Bruce Sansom was born in September 1963 in Newbury, trained at the Royal Ballet School, and joined the Royal Ballet in 1982, following performances as Colas in La Fille mal gardée at the Royal Ballet School's Annual Performance in 1981, and a solo in Here We Come in 1982.
He became a principal dancer in 1987. He retired from dancing in 2000.

In his early years with the Royal Ballet Sansom danced small roles such as a cavalier in The Sleeping Beauty, a cast member in Dances of Albion: Dark Night Glad Day and Voluntaries, a Mountaineer in Façade, Sailor Boy in Enigma Variations, Mandolin Dance in Romeo and Juliet and a soldier in the premiere of Different Drummer.
He then progressed to more prominent roles such as Colas in La Fille mal gardée, Oberon in The Dream and a cast member in Symphonic Variations as well as participating in the premieres of Number Three, Half the House and Galanteries.

From 1990 Sansom expanded his repertoire with principal roles in Gloria, Song of the Earth (The Messenger of Death), The Nutcracker (The Prince), Manon (Des Grieux), A Month in the Country (Beliaev) and the Princes in Swan Lake and Cinderella. He created further roles in Bloodlines, The Planets, Cyrano (Christian), Tombeaux, Tidelines, The Turn of the Screw (Miss Jessel), A Stranger's Taste (Dancer) and There Where She Loves (Five songs). His final performance was his first as Lescaut in Manon, on 25 July 2000.
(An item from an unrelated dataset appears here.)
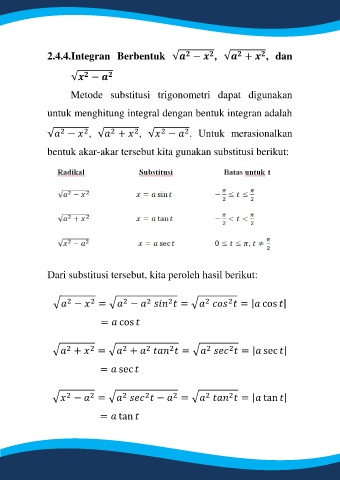 2.4.4.Integran Berbentuk √ − , √ + , dan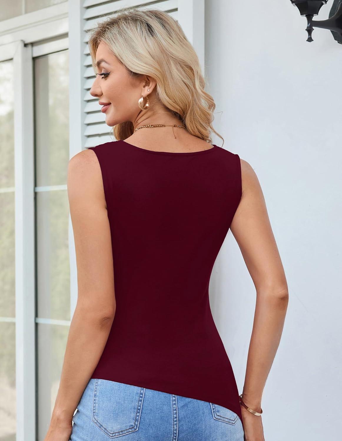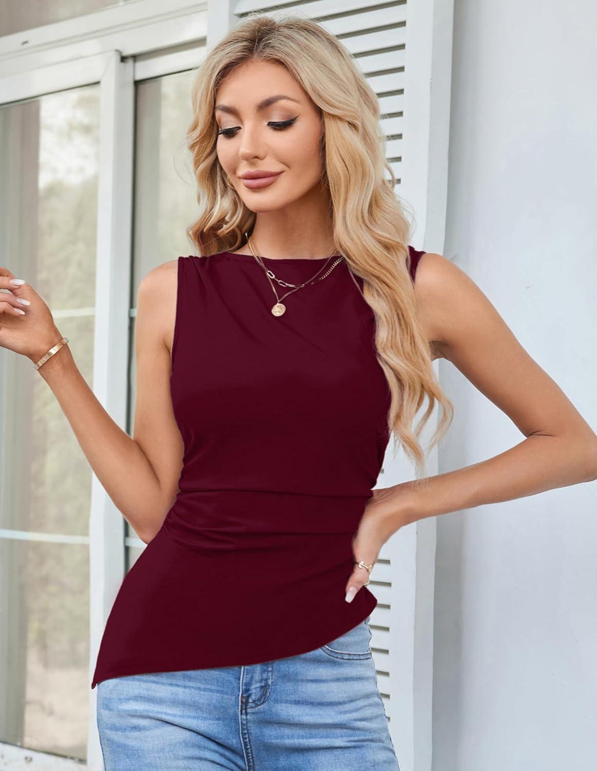GRACE KARIN Women's Tank Tops 2025 Summer Tops Ruched Boat Neck Sleeveless Blouses Asymmetrical Going Out Top(Dark Red)

In May 2000 Sansom took Nijinsky's old role in a reconstruction at the Royal Opera House of the original Jeux.

He retired, after 16 years with the Royal Ballet company, described at the time as "the company's most classical dancer... always reliable, always committed to his roles, he had a wider range than might be expected, taking the leads in almost all the old classics and in many ballets by Ashton, MacMillan, Bintley, Balanchine and Tetley. No fewer than a dozen choreographers picked him to create new roles."

In 2006, he was appointed as director of London's Central School of Ballet, but after three and a half years in post, returned in July 2009 to San Francisco Ballet as Ballet Master and Assistant to the Artistic Director.

On film he may be seen in a Gala for Tchaikovsky (Anastasia: Pas de deux), Still life at the Penguin Café (Texan Kangeroo Rat) and The Prince of the Pagodas (The King of the East). He also appeared in the 1985 television broadcast of The Nutcracker, and the television programme Bintley's Mozart (the ballet Galanteries) in 1987, both on the BBC.